Мария Сэйтон стыдливо покраснела. Она, быть может, только в этот момент почувствовала, какую жертву приносит Сэррею тем, что, отдавшись благородному порыву, просит оставить ему жизнь.
— Хорошо, я уступаю! — раздраженно ответила вдовствующая королева. — Я не знала, что этот паж так быстро завоюет здесь сердца. Но можете ли вы поручиться мне, леди Сэйтон, за него?
— Ваше величество! Как же я могла бы сделать это?
— Граф Монгомери дал вам намек, как это сделать, если вы сами действительно не знаете этого! — с горьким сарказмом ответила ей вдовствующая королева. — Но так как возможно, что прекрасные глаза переоценивают могущество своих чар, могу только рекомендовать вам, кастелян, величайшую осторожность.

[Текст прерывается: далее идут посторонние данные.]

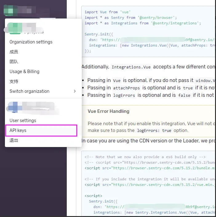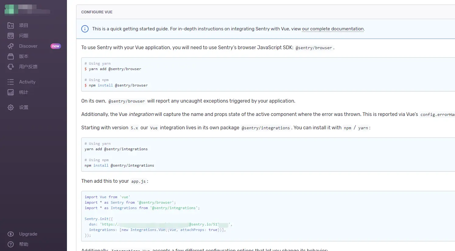 - 按照它的提示操作,在你的vue项目中安装 @sentry/browser 和 @sentry/integrations

Мария Сэйтон поднялась с колен и с горделивым сознанием своего достоинства и вся красная от гнева произнесла:
— Ваше величество! Мне кажется, что меня не так поняли здесь, но если дело касается услуги королеве, то я не вижу никакого стыда в том, чтобы разыграть роль кокетки. Я согласна поручиться за нового пажа, так как убеждена, что он — слишком безвредная личность. Но при этом я должна просить об одном, что мне кажется существенно необходимым. Вы требуете, чтобы я пощекотала его честолюбие, но для того, чтобы это могло удастся, никто не должен оскорблять его самолюбие, так как это могло бы только разрушить всякое действие моего обращения с ним. Мне кажется, что будет очень веселой и забавной игрой одурачить его, благодаря его же собственному тщеславию. Он все еще ждет ответа и удовлетворения, так я прошу, чтобы его не раздражали более.
— План очень хорош! — рассмеялся Монгомери. — Назначьте его комендантом дворца, начальником ваших десяти солдат. Это раздует его гордость, а несколько обещающих взглядов прекрасной леди погрузят его в сладчайшие сны. Я же тем временем понесусь в Дэмбертон и приведу с собой оттуда подмогу.
Мария Лотарингская принужденно улыбнулась. Гордой представительнице рода Гизов не нравилось соединять такое важное дело с шуткой, но ей пришлось уступить.
— Ну, так позовите его сюда, кастелян! — сказала она. — Вы же, граф, воспользуйтесь этой ночью и поезжайте с Богом!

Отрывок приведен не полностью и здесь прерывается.